• [Task instructions]
Once the pictures are set aside, reproduce the remaining data exactly.

• [Dataset extract]
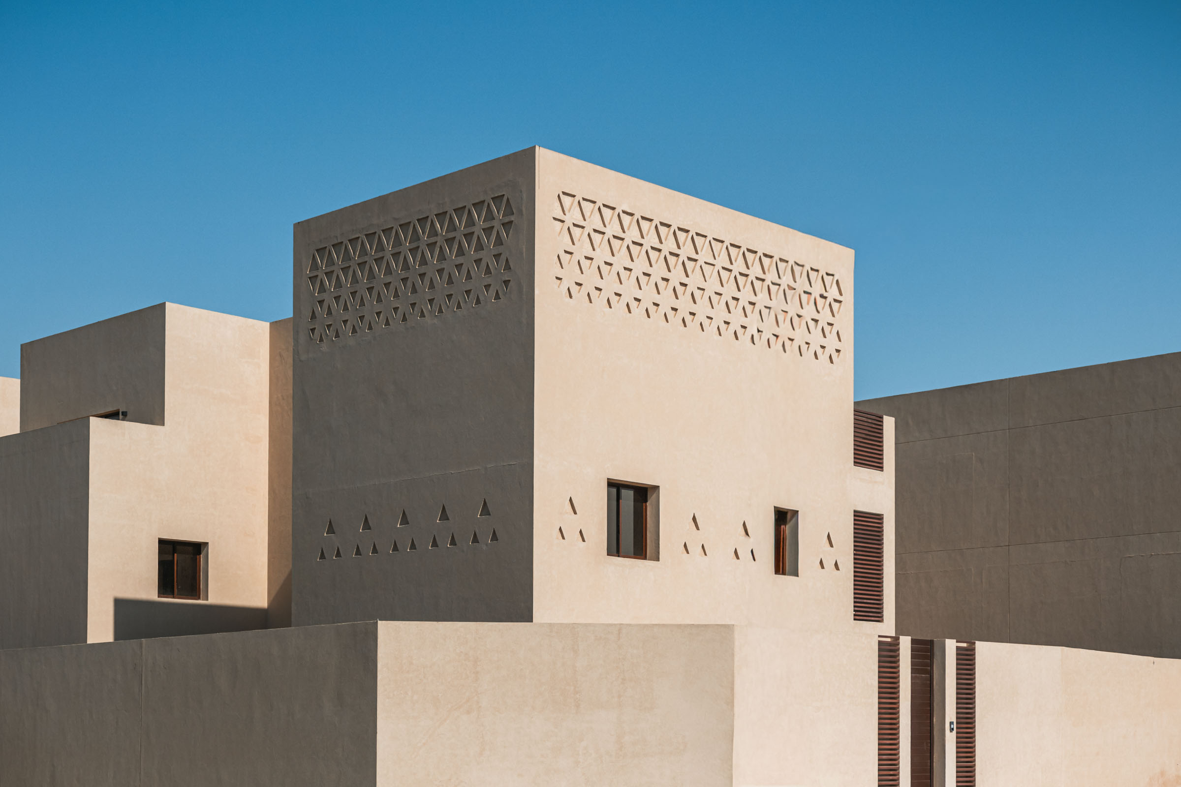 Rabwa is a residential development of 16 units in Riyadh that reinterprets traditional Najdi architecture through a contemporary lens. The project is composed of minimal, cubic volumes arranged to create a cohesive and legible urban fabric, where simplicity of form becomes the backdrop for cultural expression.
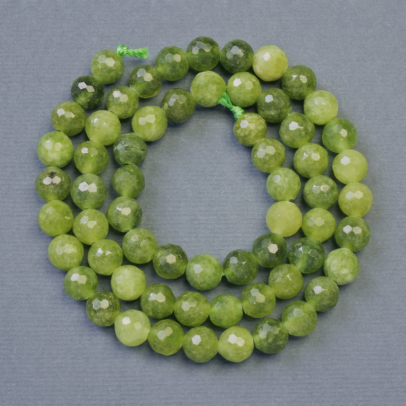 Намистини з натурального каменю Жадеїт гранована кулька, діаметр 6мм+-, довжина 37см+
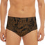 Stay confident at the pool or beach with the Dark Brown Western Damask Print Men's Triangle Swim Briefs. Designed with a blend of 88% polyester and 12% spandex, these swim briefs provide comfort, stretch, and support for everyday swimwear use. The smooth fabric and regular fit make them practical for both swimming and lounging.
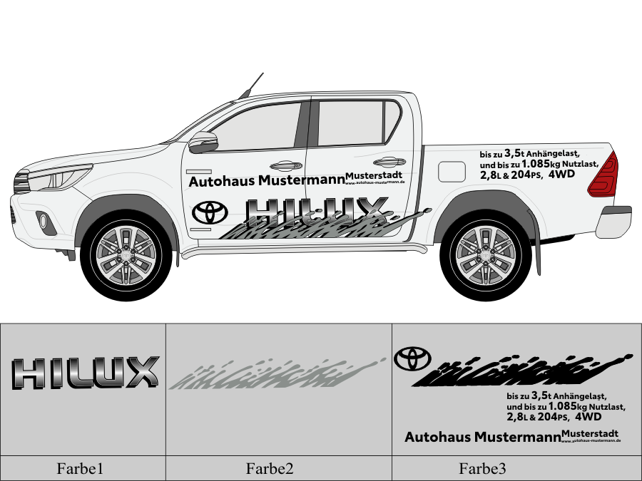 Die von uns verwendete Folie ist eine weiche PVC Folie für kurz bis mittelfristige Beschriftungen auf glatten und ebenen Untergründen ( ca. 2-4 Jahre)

• [Exercise output]
 Rabwa is a residential development of 16 units in Riyadh that reinterprets traditional Najdi architecture through a contemporary lens. The project is composed of minimal, cubic volumes arranged to create a cohesive and legible urban fabric, where simplicity of form becomes the backdrop for cultural expression.
 Намистини з натурального каменю Жадеїт гранована кулька, діаметр 6мм+-, довжина 37см+
 Stay confident at the pool or beach with the Dark Brown Western Damask Print Men's Triangle Swim Briefs. Designed with a blend of 88% polyester and 12% spandex, these swim briefs provide comfort, stretch, and support for everyday swimwear use. The smooth fabric and regular fit make them practical for both swimming and lounging.
 Die von uns verwendete Folie ist eine weiche PVC Folie für kurz bis mittelfristige Beschriftungen auf glatten und ebenen Untergründen ( ca. 2-4 Jahre)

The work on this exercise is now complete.